Data extracted from a collection
..............................

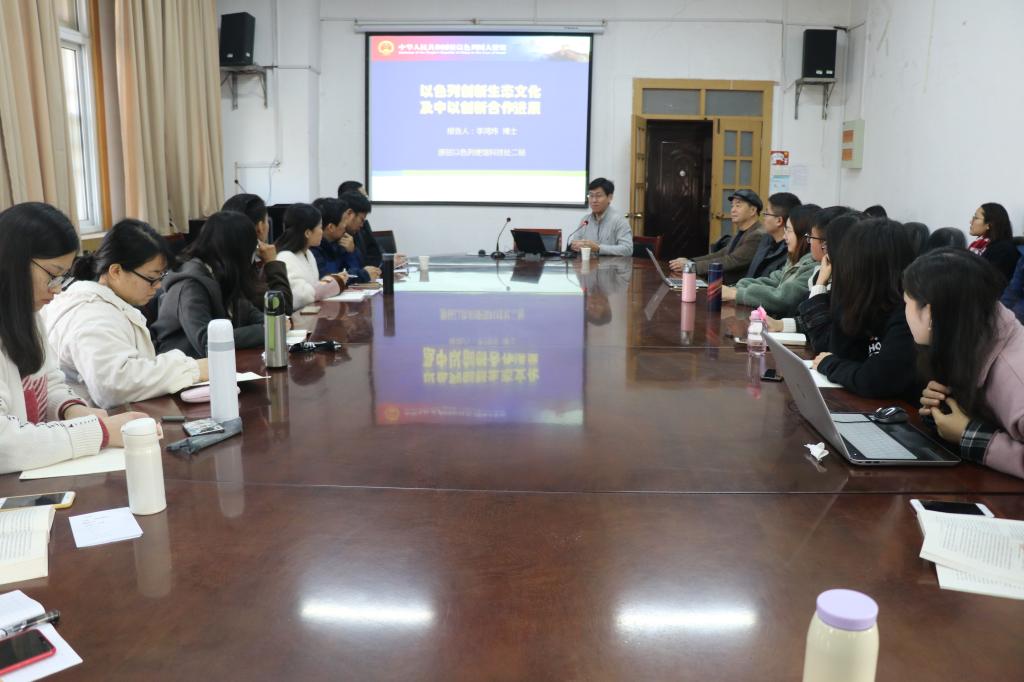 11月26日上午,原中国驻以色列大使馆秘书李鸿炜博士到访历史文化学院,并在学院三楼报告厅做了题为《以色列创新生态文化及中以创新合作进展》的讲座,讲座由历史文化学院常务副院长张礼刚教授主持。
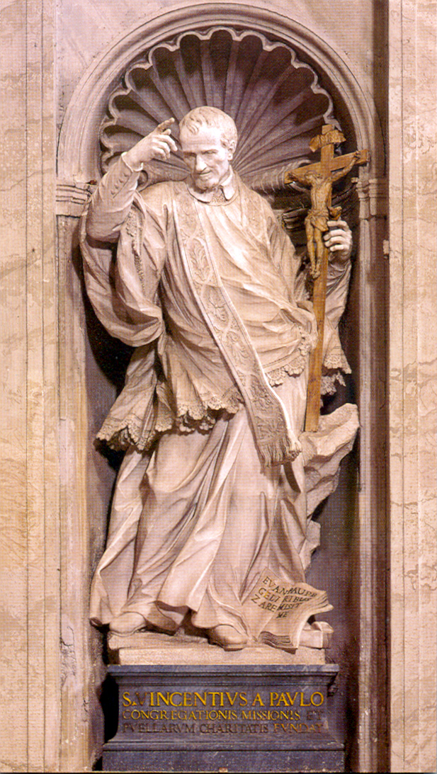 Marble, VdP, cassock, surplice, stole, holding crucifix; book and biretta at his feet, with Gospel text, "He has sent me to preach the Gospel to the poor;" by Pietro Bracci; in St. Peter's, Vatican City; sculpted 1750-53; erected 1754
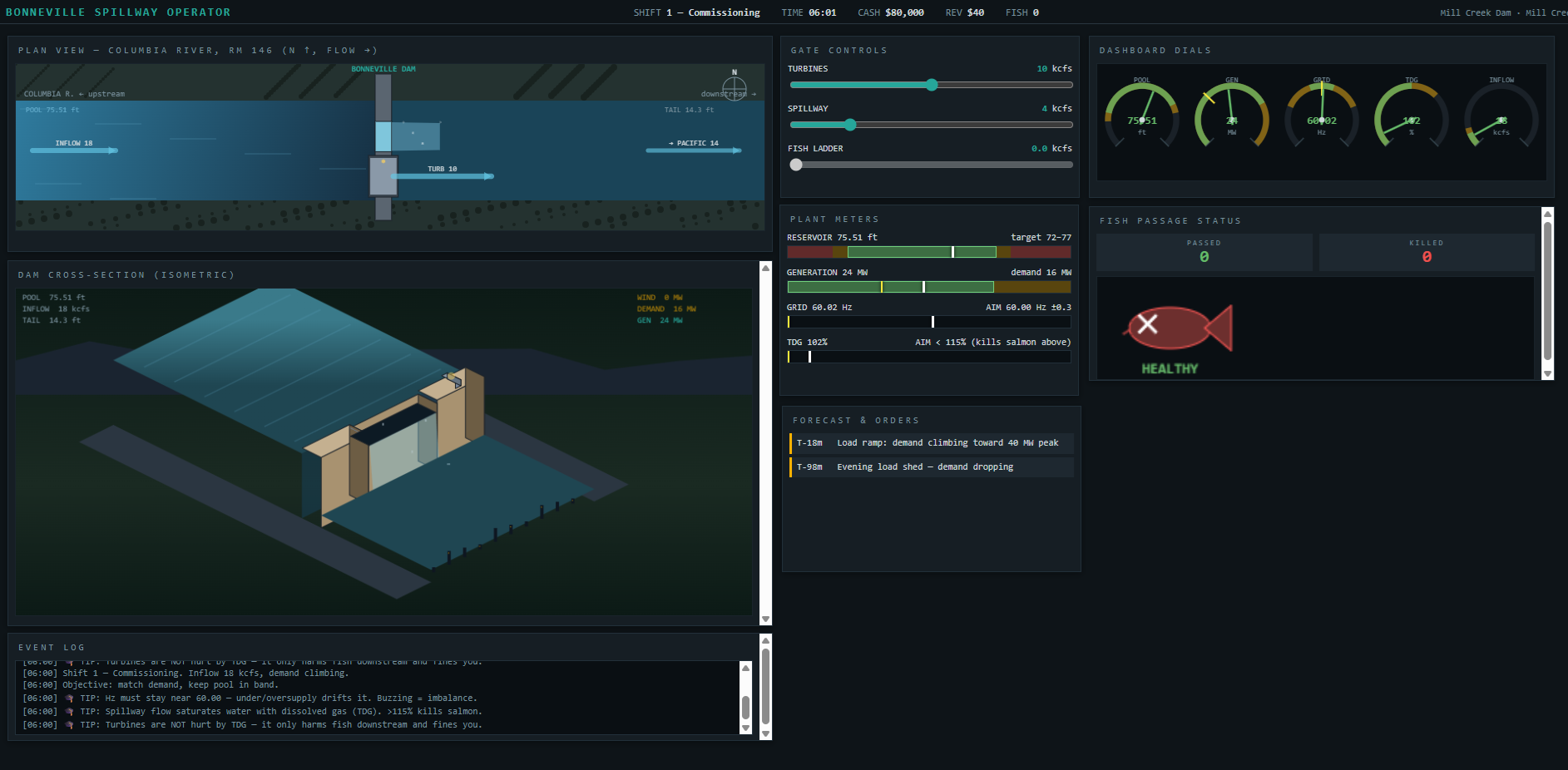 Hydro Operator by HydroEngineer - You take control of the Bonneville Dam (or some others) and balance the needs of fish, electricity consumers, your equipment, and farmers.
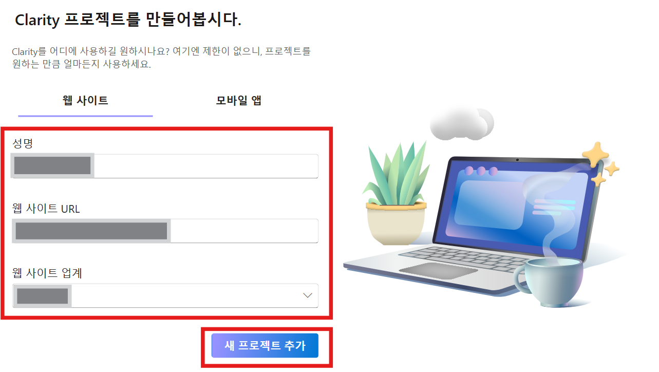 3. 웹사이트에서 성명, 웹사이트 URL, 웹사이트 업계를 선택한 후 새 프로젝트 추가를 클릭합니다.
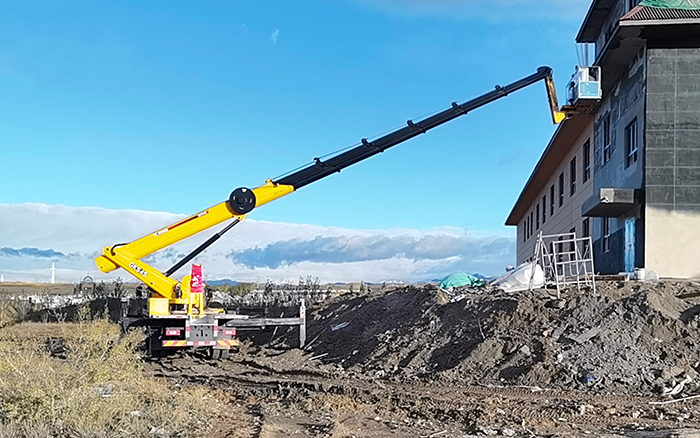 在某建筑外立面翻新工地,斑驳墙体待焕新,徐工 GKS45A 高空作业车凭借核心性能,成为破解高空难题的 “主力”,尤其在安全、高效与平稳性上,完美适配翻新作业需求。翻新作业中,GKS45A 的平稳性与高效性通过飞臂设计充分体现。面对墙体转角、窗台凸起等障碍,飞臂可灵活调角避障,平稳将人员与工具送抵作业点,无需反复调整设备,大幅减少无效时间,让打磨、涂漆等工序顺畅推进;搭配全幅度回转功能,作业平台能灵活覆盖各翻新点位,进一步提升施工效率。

..............................

TASK: The line containing "Marble, VdP, cassock, surplice, stole, holding" and all lines after it, through the last line of the records, should be returned exactly. Omit the pictures.

ANSWER BELOW:
 Marble, VdP, cassock, surplice, stole, holding crucifix; book and biretta at his feet, with Gospel text, "He has sent me to preach the Gospel to the poor;" by Pietro Bracci; in St. Peter's, Vatican City; sculpted 1750-53; erected 1754
 Hydro Operator by HydroEngineer - You take control of the Bonneville Dam (or some others) and balance the needs of fish, electricity consumers, your equipment, and farmers.
 3. 웹사이트에서 성명, 웹사이트 URL, 웹사이트 업계를 선택한 후 새 프로젝트 추가를 클릭합니다.
 在某建筑外立面翻新工地,斑驳墙体待焕新,徐工 GKS45A 高空作业车凭借核心性能,成为破解高空难题的 “主力”,尤其在安全、高效与平稳性上,完美适配翻新作业需求。翻新作业中,GKS45A 的平稳性与高效性通过飞臂设计充分体现。面对墙体转角、窗台凸起等障碍,飞臂可灵活调角避障,平稳将人员与工具送抵作业点,无需反复调整设备,大幅减少无效时间,让打磨、涂漆等工序顺畅推进;搭配全幅度回转功能,作业平台能灵活覆盖各翻新点位,进一步提升施工效率。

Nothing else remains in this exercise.